Even TDP Supremo N. Chandrababu Naidu hurried to Dehradun by a special aircraft to undertake rescue operations for pilgrims in the state. He carried 196 stranded pilgrims back to safety and arranged buses for their commute back to their destinations. In order to inform the families of the stranded and missing people in Uttarakhand, the party had established a phone centre at the NTR Trust Bhavan in Hyderabad. At the stations in Secunderabad, Kazipet, and Vijaywada, the party has also established information and assistance desks.

== Aftermath ==
The Prime Minister of India Manmohan Singh undertook an aerial survey of the affected areas and announced ₹10 billion aid package for disaster relief efforts in the state. Several state governments announced financial assistance, with Uttar Pradesh pledging ₹250 million, the governments of Haryana, Maharashtra and Delhi ₹100 million each, the governments of Tamil Nadu, Odisha, Gujarat, Madhya Pradesh and Chhattisgarh ₹50 million each.
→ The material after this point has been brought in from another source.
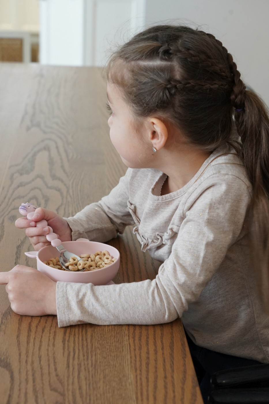 Set 2 boluri silicon cu ventuza, Melii, model unicorn Sa fim sinceri, hranirea copiilor nu este o sarcina usoara - este dezordonata! Bolurile noastre cu ventuza din 100% silicon sunt menite sa faca ora mesei mai putin stresanta si mai distractiva. Pur si simplu plaseaza-l pe o suprafata plata si lasa ventuza sa faca magia. Nu mai trebuie sa-ti faci griji ca bolurile vor zbura si ajung rasturnate pe podea! Varietatea de designuri cu animale incurajeaza alimentatia independenta, creand o asociere pozitiva cu ora mesei. Aceasta caracteristica este ideala pentru bebelusi si copii mici, pe masura ce invata sa se hraneasca singuri. Compatibil cu toate tipurile de scaune inalte. Fa din ora mesei o activitate distractiva cu copilul tau! Mai putin stres si FaRa MIZERIE! Colectioneaza toate cele 5 modele dragute de animale. CARACTERISTICI PRODUS Design vesel si prietenos 100% realizate din silicon alimentar, ventuza mare care mentine bolul fixat, capacitate 300ml, include 2 boluri la pachet. Sigure pentru utilizare in cuptorul cu microunde sau congelator: sii cel mai important, animalele fac hranirea distractiva! Se pot cuibari si stivui cu usurinta in dulapurile din bucatarie pentru o depozitare compacta. Ajuta la alimentatia independenta: Bolurile Melii cu ventuza model unicorn sunt 100% din silicon si vor incuraja alimentatia independenta si dezvoltarea abilitatilor motorii fine. Diferitele designuri cu animale ofera o asociere pozitiva cu ora mesei. Bolul ramane pe loc, indiferent cat de tare incearca mancaciosul tau sa il arunce pe podea. Excelent pentru bebelusi si prescolarii care invata sa se hraneasca singuri. Se potriveste cu toate scaunele inalte. Non-toxice: Produsele Melii sunt de inalta calitate si nu contin substante chimice nocive: fara BPA, fara plumb, fara cadmiu, fara PVC si sunt fabricate din 100% silicon alimentar. Sunt fabricate din silicon moale si durabil, fara margini ascutite. Sunt rezistente si flexibile. Utilizare in masina de spalat vase: Curatati temeinic cu detergent si apa calda sau pe raftul superior al masinii de spalat vase inainte de prima utilizare si dupa cum este necesar. Inspectati produsul inainte de fiecare utilizare si aruncati-l la primul semn de deteriorare sau slabiciune.
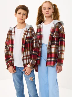 Рубашка в клетку оверсайз с капюшоном

The US Ambassador to India extended a financial help of US$150,000 through the United States Agency for International Development (USAID) to the NGOs working in the area and announced that the US will provide further financial aid of US$75,000. The help was later politely rejected by Government of India. The Government of Kerala offered 20 million rupees and all ministers offered one month's salary.

The Government of India also cancelled 9 batches, or half the annual batches of the Kailash-Mansarovar Yatra, a Hindu pilgrimage. The Chardham Yatra pilgrimage, covering Gangotri, Yamunotri, Kedarnath and Badrinath was cancelled for 2 years to repair damaged roads and infrastructure, according to the Uttarakhand Government.

Government agencies and priests of Kedarnath temple were planning mass cremation of the hundreds of victims, after one week of tragedy. Local youths from several affected villages near Gangotri helped stranded tourists and pilgrims, by sending messages to their places and by providing food. Rescuers also retrieved approximately ₹10 million and other jewellery from local persons, including some people dressed like sadhu babas, who reportedly collected it from a destroyed building of a Bank and damaged shops.

Nehru Institute of Mountaineering (NIM) was given the responsibility of rebuilding Kedarnath. Although the institute did not have the expertise in urban planning or construction, they mastered high-altitude training. Under the leadership of Colonel Ajay Kothiyal, the NIM was successful in rebuilding Kedarnath.

==Climate and environmental factors==
A study by Utah State University analyzed the natural and anthropogenic influences on the climate anomalies using simulations, and found that (a) northern India has experienced increasingly large rainfall in June since the late 1980s, (b) the increase in rainfall appears to be associated with a tendency in the upper troposphere towards amplified short waves, and (c) the phasing of such amplified short waves is tied to increased loading of green-house gases and aerosols. In addition, a regional modeling diagnosis attributed 60–90 % of rainfall amounts in the June 2013 event to post-1980 climate trends.

Unprecedented destruction the rainfall witnessed in Uttarakhand state was also attributed, by environmentalists, to unscientific developmental activities undertaken in recent decades contributing to high level of loss of property and lives. Roads constructed in haphazard style, new resorts and hotels built on fragile river and more than 70 hydroelectric projects in the watersheds of the state led to a "disaster waiting to happen" as termed by certain environmentalists. The environmental experts reported that the tunnels built and blasts undertaken for the 70 hydro electric projects contributed to the ecological imbalance in the state, with flows of river water restricted and the streamside development activity contributing to a higher number of landslides and more flooding.

==In popular culture==
A novel titled A Long Journey was written and published by independent author Pawan Kumar Pandey, who has the floods and the resulting tragedy in his background.
The 2018 film Kedarnath starring Sushant Singh Rajput and Sara Ali Khan tells of a love story set in the times of the disaster in the valley around the Kedarnath Temple.